NO. 40,383-E; HONORABLE ABE LOPEZ, JUDGE

_______________________________

Before JOHNSON, C.J., and REAVIS and CAMPBELL, JJ.

MEMORANDUM OPINION

On June 14, 1999, appellant Sammy Ray Escobar pleaded guilty, pursuant to a plea bargain, to an indictment alleging aggravated assault with a deadly weapon.  After hearing the evidence and finding that it substantiated appellant’s guilt, the trial court, acting in accordance with the plea bargain, deferred further proceedings without entering a finding of guilt and placed appellant on community supervision for ten years.  Later, the State filed a motion to proceed with adjudication of guilt and, on January 16, 2003, the trial court conducted a hearing on the motion.  Appellant pleaded true to all seventeen of the violations alleged by the State in its motion, and the State recommended a sentence previously agreed to by appellant.  The trial court adjudicated appellant guilty, then followed the State’s recommendation by imposing a sentence of 14 years confinement and entering a deadly weapon finding.  Appellant filed a pro se notice of appeal, and the trial court appointed appellate counsel.  In presenting this appeal, appellant’s attorney has filed an Anders brief in support of a motion to withdraw.   See Anders v. California, 386 U.S. 738, 87 S.Ct. 1396, 18 L.Ed.2d 493 (1967).  We affirm and grant counsel's motion to withdraw.

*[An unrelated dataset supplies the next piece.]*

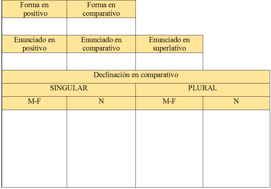 1.- Localiza el adjetivo que aparece en grado positivo y comparativo, enúncialo en sus tres grados de comparación y declínalo en comparativo

In his brief, appellant’s attorney certifies he diligently reviewed the record and determined that, in his opinion, it reflects no reversible error or grounds upon which an appeal can be predicated.   Id .  Thus, he concludes, the appeal is without merit and is frivolous.  Also in the brief, counsel candidly discusses why, under the controlling authorities, there is no error in the court's judgment.   See High v. State, 573 S.W.2d 807, 813 (Tex.Cr.App. 1978).  Furthermore, counsel certifies he served a copy of the brief on appellant and informed him that, in his view, the appeal is without merit.  Attached to the brief is a copy of a letter by which the attorney notified appellant of his right to review the record and to file a response.  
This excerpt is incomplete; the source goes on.